In 1991, Désiré Collen spun out Thromb-X nv from the KU Leuven with an initial mission to develop staphylokinase as an equally effective but less expensive successor of rt-PA. With the foundation of ThromboGenics Ltd in Ireland in 1998, the Company expanded its R&D scope to include various cardiovascular, oncology and ophthalmology programs in-licensed from the KU Leuven and the Vlaams Instituut voor Biotechnologie (Flemish Institute for Biotechnologie – VIB). Collen was CEO and chairman of ThromboGenics from 1998 to 2008. In 2008 Patrick De Haes succeeded him as CEO.

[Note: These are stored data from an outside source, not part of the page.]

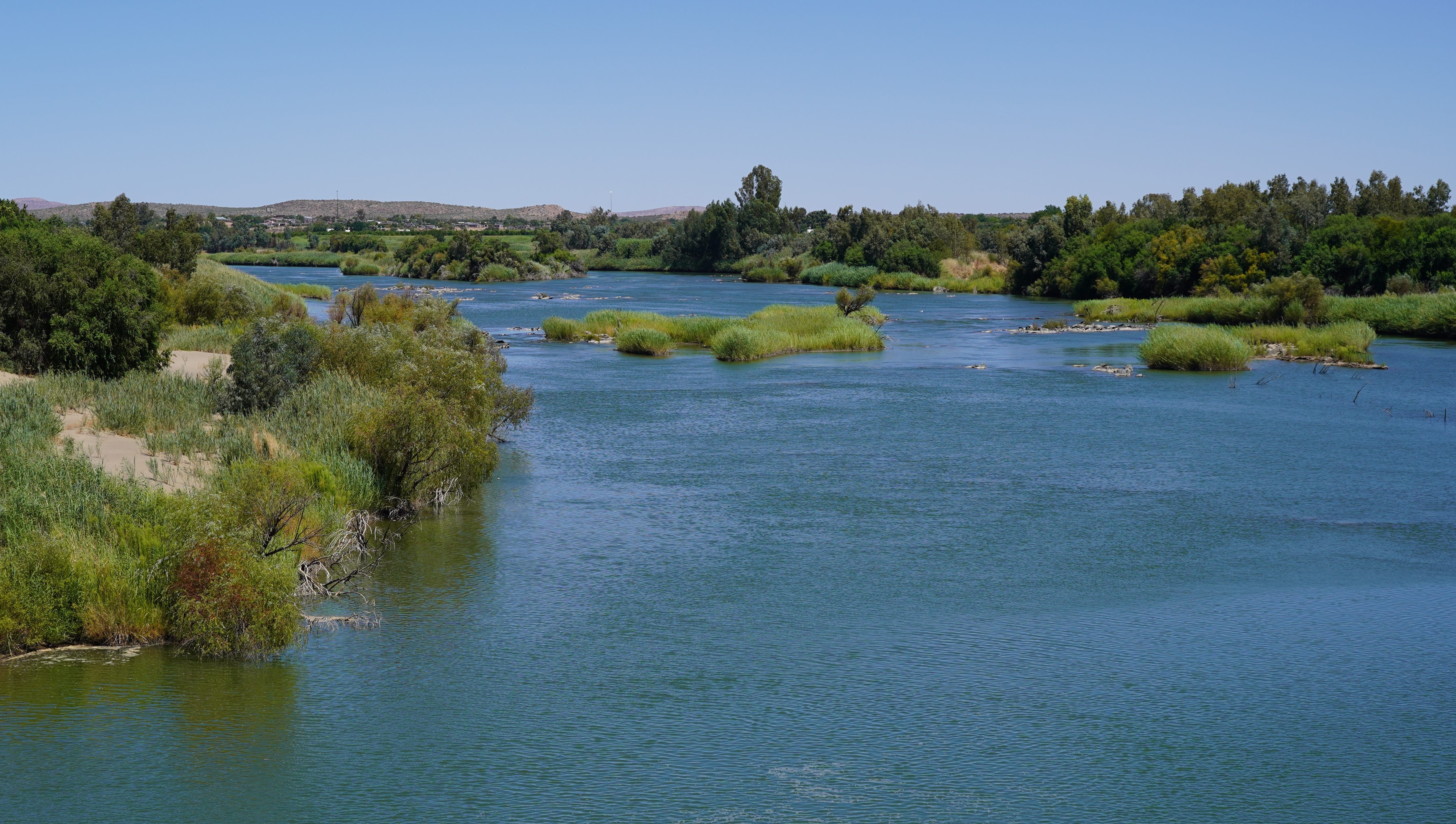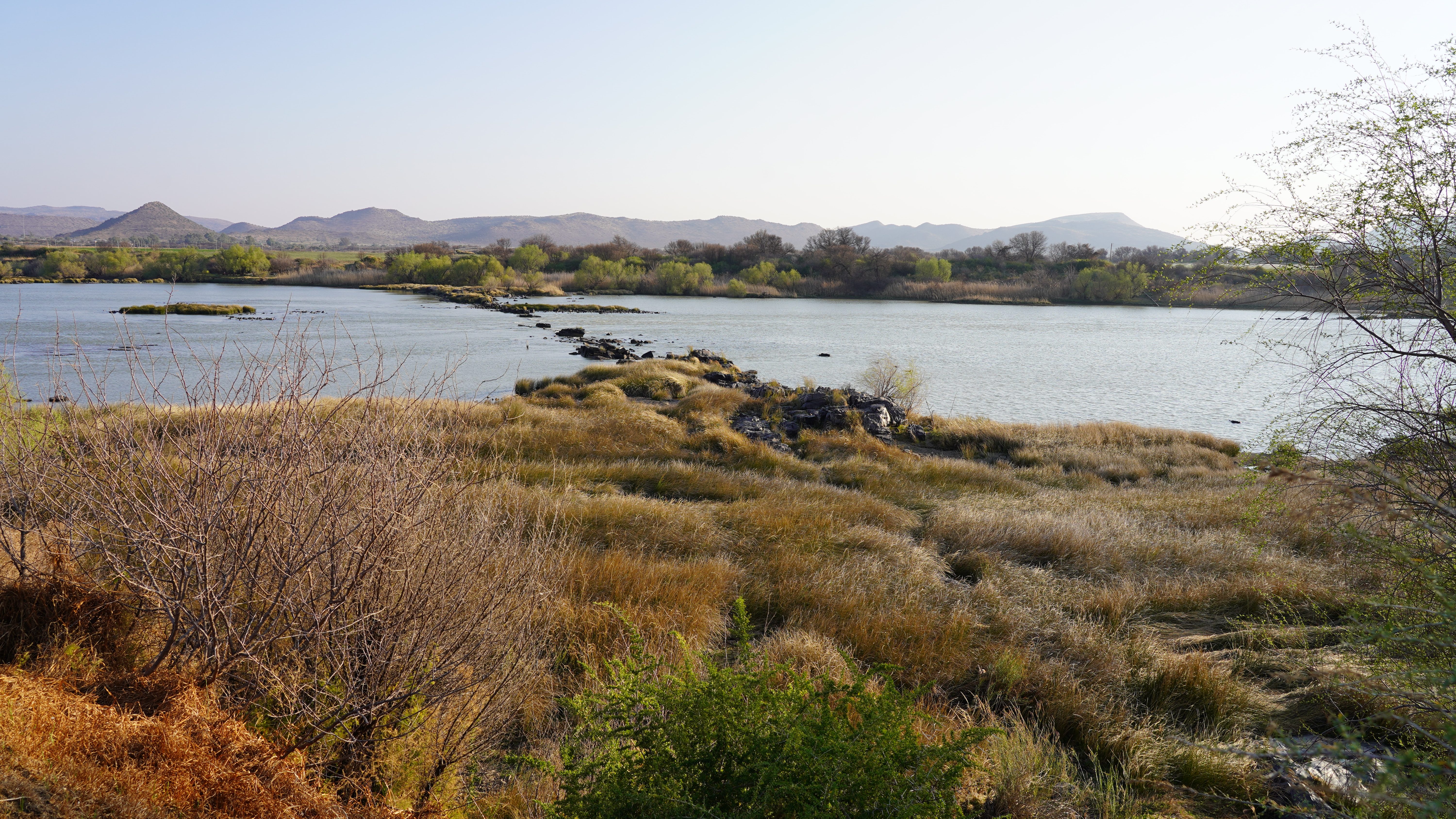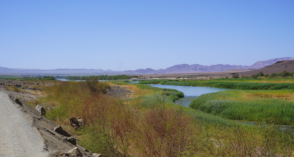 Begleitet von einem Gewitter mit starkem Regen fahren wir also nach Orania. Als wir den Ort erreichen, hat der Regen aufgehört und ein Regenbogen heisst uns in einer auffallend ordentlichen Ortschaft mit gut unterhaltener Infrastruktur und gepflegten privaten Liegenschaften willkommen. Die Campsite des Ortes liegt am Ufer des Orange Rivers am Rand einer Hotel- und Chaletanlage.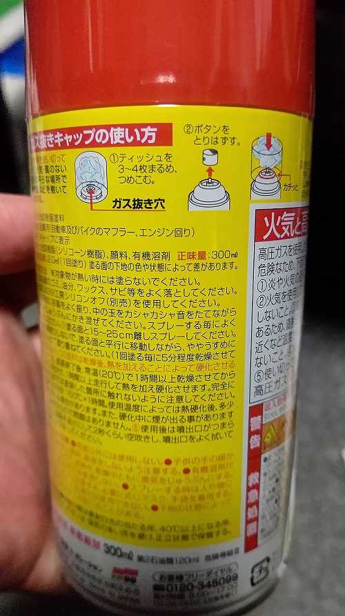 4.この塗料は乾燥後、熱を加えることによって硬化させるタイプ。塗装終了後、常温(20℃)で1時間以上乾燥させてからエンジンをかけ、1時間以上走行して熱を加え硬化させる。硬化が完了するまでは塗装した箇所に触れないように注意すること。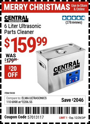 ITC CENTRAL MACHINERY 6 LITER ULTRASONIC PARTS CLEANER Lot No. 59430 Valid Thru: 1/15/26 - $139.99 Coupon Code: 'n/a' (current price - 20% = 0) add to list

Following a successful IPO in 2006 on the basis of the expanded R&D portfolio, the company nevertheless narrowed its scope to the clinical development of ocriplasmin, a truncated form of plasmin for ophthalmology indications, culminating in the completion of a pivotal phase III program in 2010.^[61][62] Following FDA approval, ThromboGenics launched ocriplasmin, marketed as Jetrea®, in the US on 14 January 2013 for the treatment of symptomatic vitreomacular adhesion (VMA).^[63] Three months later, the European Commission approved ocriplasmin,^[64] a decision that paved the way for Alcon to launch the product under licence of ThromboGenics. Disappointed by the, in his opinion, inadequate strategic and commercial governance of the company, Collen stepped down as chairman and member of the board in December 2013.^[65]

Fund⁺

In May 2015 Désiré Collen, through the private foundation Désiré Collen Stichting and the non-profit organisation Life Sciences Research Partners, founded Fund⁺ of which he was chairman until 2019 and is the honorary chairman since 2019. Fund⁺ will invest in innovative life sciences companies seeking series A or B financing and with a Proof of Concept in therapeutics, diagnostics or medical devices.^[11] Fund⁺ aims at realizing an attractive financial return for its investors, as well as a societal return. Fund⁺ wants to contribute in a sustainable way to the improvement of the eco system for biotech companies. Therefore, its major geographical focus will be Belgium. Fund⁺ had raised over 200 Million euro of financing commitments. The intended investment size per company will be between 5 and 15 million euro spread over different milestones.